A more recent example of especially unique behavior is something I have never seen any bird do ever. On April 3 of this year, I found Charles in The Great Northern Tree and I was able to get a good level angle on him and I watched him wake up. He stretched and groomed as I filmed him and took photos. At one point I turned my head away from him and when I turned back to him I saw that he had a large feather of his, most likely a flight or tail feather, in his talons and that he was grooming his bill with the feather! He mostly used the calamus or hollow shaft of the feather but also the feather's vane. This went on for a few minutes and I was able to film much of it.
Simply amazing to see this! I reached out to several local, regional, national and international owl experts who I have been very lucky to get to know over the years and I asked them about this behavior. Everyone of them kindly wrote back and said that they had seen captive owls do this behavior and for me to see a wild owl do it was no small thing.

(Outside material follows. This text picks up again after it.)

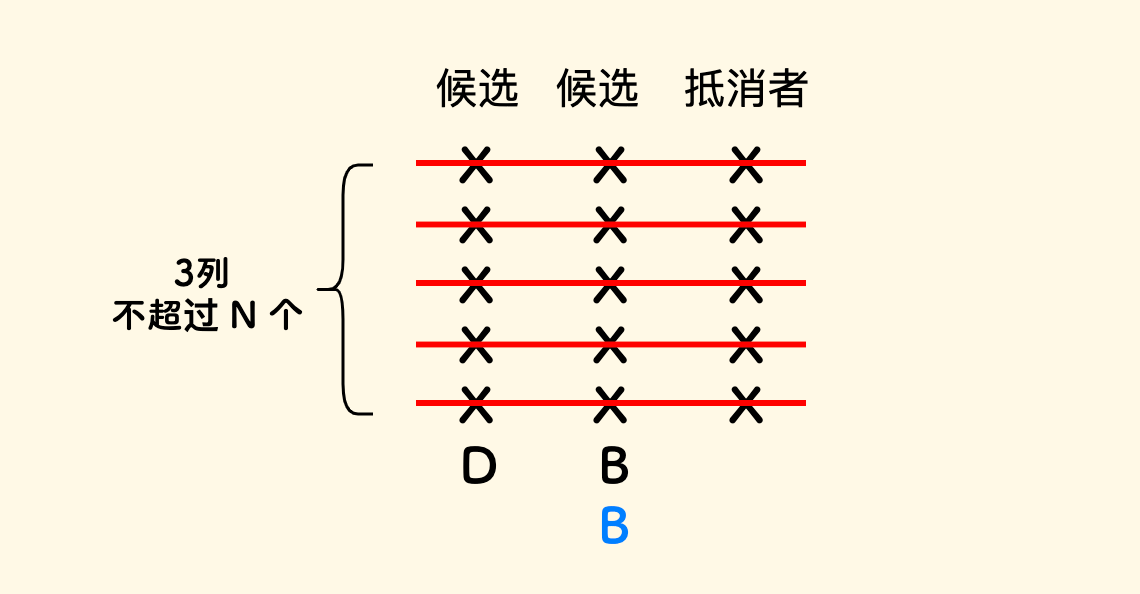 和 N/2 的情况不同的是,现在是两个候选人, 而且投票抵消的规则有所变化。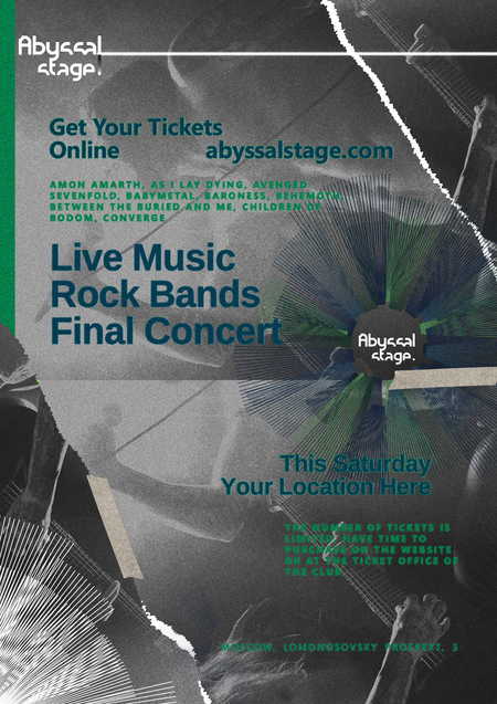 Промо 2 промт Создать реалистичное изображение плаката, посвящённому финальному концерту рок-групп, прикреплён на старую потрёпанную стену с граффити и остатками других афиш. На плакате крупные надписи: «Live Music Rock Bands Final Concert», а также информация о мероприятии, названия групп, такие как Amon Amarth, As I Lay Dying, Avenged Sevenfold, Baroness, Behemoth. А также логотип «Abyssal Stage»: в центре изображения размещен круг черного цвета, внутри которого стилизованные концентрические линии формируют текстуру, переходящую от темно-синего к зеленому, создавая эффект глубины и движения. В центре круга расположена белая надпись «Abyssal stage. с гладким футуристическим шрифтом. Дизайн плаката выполнен в тёмных тонах с элементами текстур и разрывов, что создаёт атмосферу андеграундной эстетики. Фон стены с облупившейся штукатуркой, яркими тегами и наложенными слоями старых афиш подчёркивает уличный стиль и необработанный городской характер. Стиль изображения фотореалистичный, с вниманием к деталям и светотени.

As you can tell, I can go on and on and on about Charles. He was such a beautiful, fascinating and compelling Great Horned Owl. I am confident that I will never see a male Great Horned Owl as incredible as him. There is no shortage of amazing aspects and behaviors to share but I must complete this post; one I knew I would have to write someday and have dreaded for years. Thank you for reading this and please share it with others that would find it of interest. The support of everyone who has seen and come to love Charles has made this tough time easier to bear. Thank you!
Thank you, Charles for letting me spend so much time learning about you and sharing your life with others whose lives you also touched in innumerable ways and times. Thank you for your patience and tolerance. Thank you for being such an amazing owl and an ambassador of your kind in this world we share. I love you and miss you. - Mark.